Pero no sólo nosotros, es el planeta mismo lo devastado, y los pájaros, en su lenguaje de signos transparentes, no dejan de alertarlo. El poema, en este plano, es apunte de lo que desaparece, notas desde el descampado, grafía del desastre en marcha. Se encarga de mostrar cómo en pos de progreso –que es la catástrofe, repitamos con Benjamin– hay criaturas y formas de vida que son aniquiladas. El texto que abre el libro revela tal tensión con meridiana claridad. Allí, los mil y un árboles de una villa llena de pájaros han sido reemplazados por un plomizo complejo habitacional. El contraste sonoro de los versos es decidor: “este paraíso de pájaros” es sucedido por “una trápala fónica mecánica”. Como en una fábula pasolinesca, un solitario árbol sin nombre, la ausencia de gorjeos y aves en desbandada es lo que finalmente queda. Las potencias vitales de bosques, animales y humedales sucumben ante la homogeneidad del cemento, los incendios y una tierra que se reseca bajo un cielo moledor de carne, tupido de drones. No son, en suma, años dorados.

Sin embargo, en medio del eriazo perviven líneas de resistencia, una política de las patas y el buche: actitud que marca el rictus, que define la fortaleza, el carácter, el arrojo de vivir y escribir sin levantar cabeza. Y aunque se aborden con algún grado de nostalgia, leemos recuerdos de una vida corriendo bajo la lluvia, planeando en danza propia, al alero de la enseñanza de los pájaros, donde se muestra el desate de las potencias festivas, rituales e incluso auguradoras del lenguaje. La poesía es entonces palabra que se suma a trinos de pájaros que resisten. “Andábamos pato y sonrisa” es en este sentido uno de esos poemas que encierra una ética imprescindible, un poema que cabe tatuarse en la memoria: aunque patos y hambreados, la palabra debe estar primero, sólo en ello puede haber jactancia y poder.

Si bien uno podría leer este nuevo libro de Elvira Hernández a la luz de distintos linajes pajarísticos, desde la poesía china y persa hasta los arreglos provenzales de Daniel, desde el traladí huidobriano a los catálogos de Olivier Messiaen, he pensado sobre todo en la obra de Lorenzo Aillapán. Lo imagino ahora mismo, tomando la brisa refrescante del Budi, con su oído y la zugun atenta a la sabiduría de los pájaros. He pensado también en los pájaros mistralianos, en esas golondrinas de yodo que en plena guerra entraban mudas a los hospitales o en el canto de la tenca que se asemejaba al canto maternal. Desde el otro lado del tiempo, la escucho retándonos con voz áspera, porque no sabemos apreciar el cielo atravesado de aves: “Las gentes, chiquito, saben / de pájaros poco o nada”, y sólo se interesan en “yantares y cosas / y chismes de la contrada”.

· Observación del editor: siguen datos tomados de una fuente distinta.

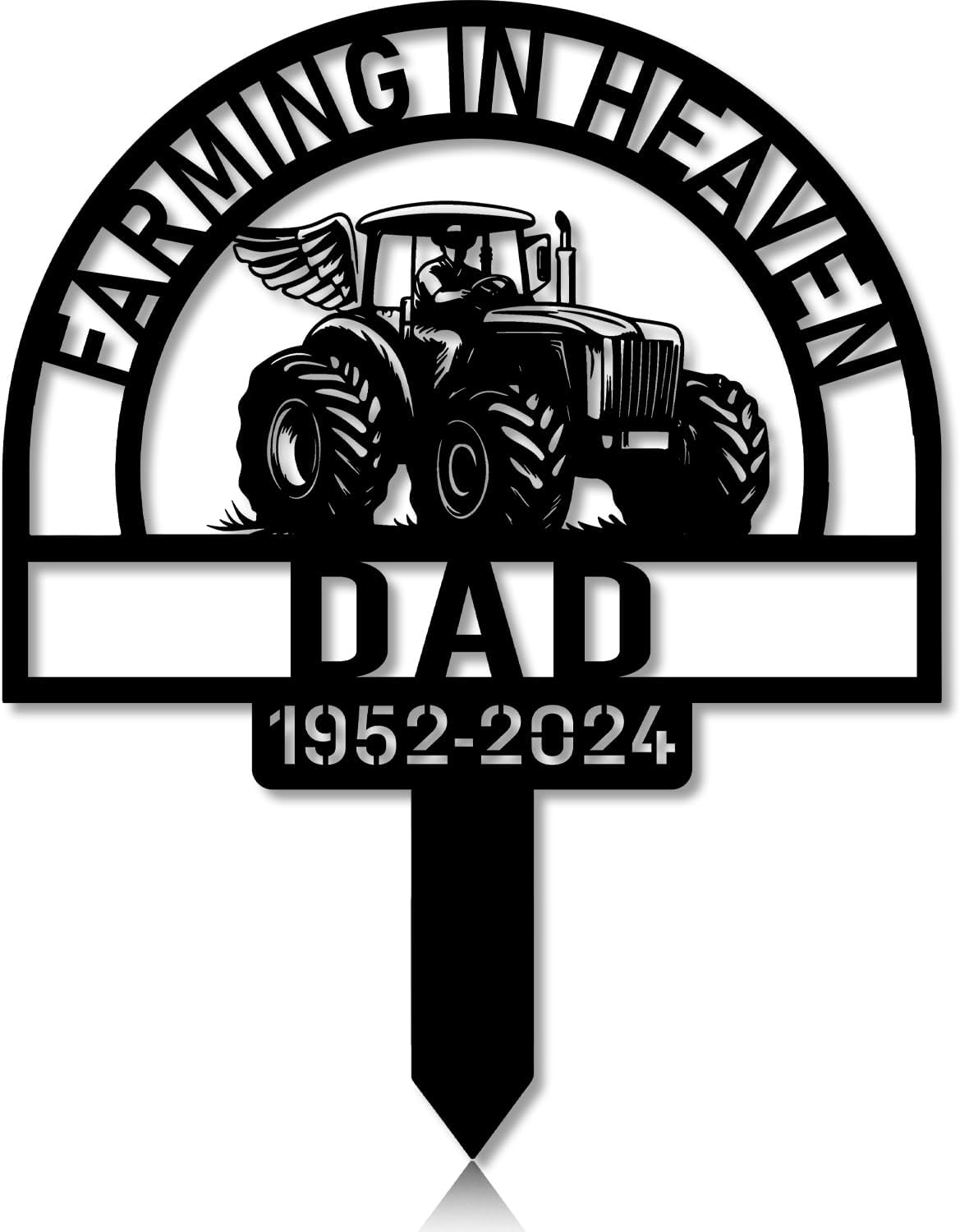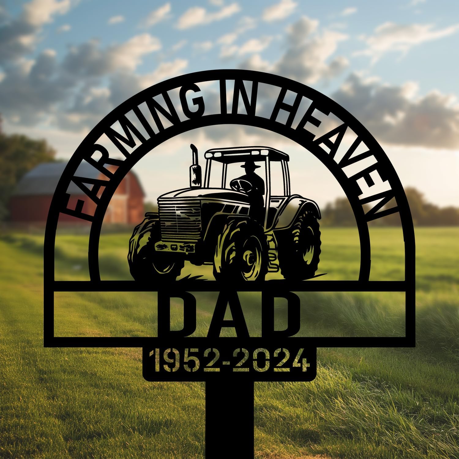 Honor a cherished grandpa or dad with this personalized grave marker, featuring a design of a farmer on a tractor in a "Farming Heaven Field" setting. Available in sizes from 8 to 24 inches, this durable and elegant garden stake captures the essence of a farmer’s love for their work and the land. Ideal for a cemetery or memorial garden, it provides a meaningful and comforting tribute, making it a heartfelt sympathy gift during a time of loss.

Pero no dejo de volver a la parábola de Pasolini. A esa caminata sin norte de Totò y Ninetto, quienes, tras devorar al cuervo hacia el final del filme, asimilando la derrota y la quiebra de un futuro, siguen el paso. “Andábamos y andábamos. / Para cambiar el rumbo del mundo”, escribe Elvira, y podríamos asignar sin dificultad tales palabras a los entrañables personajes de Uccellacci e uccellini. Andábamos y andábamos. Andamos y andamos. Creo así que estos versos, este libro, como un pequeño cántaro, pueden ser para nosotros, pájaros y pájaras, agua fresca para beber.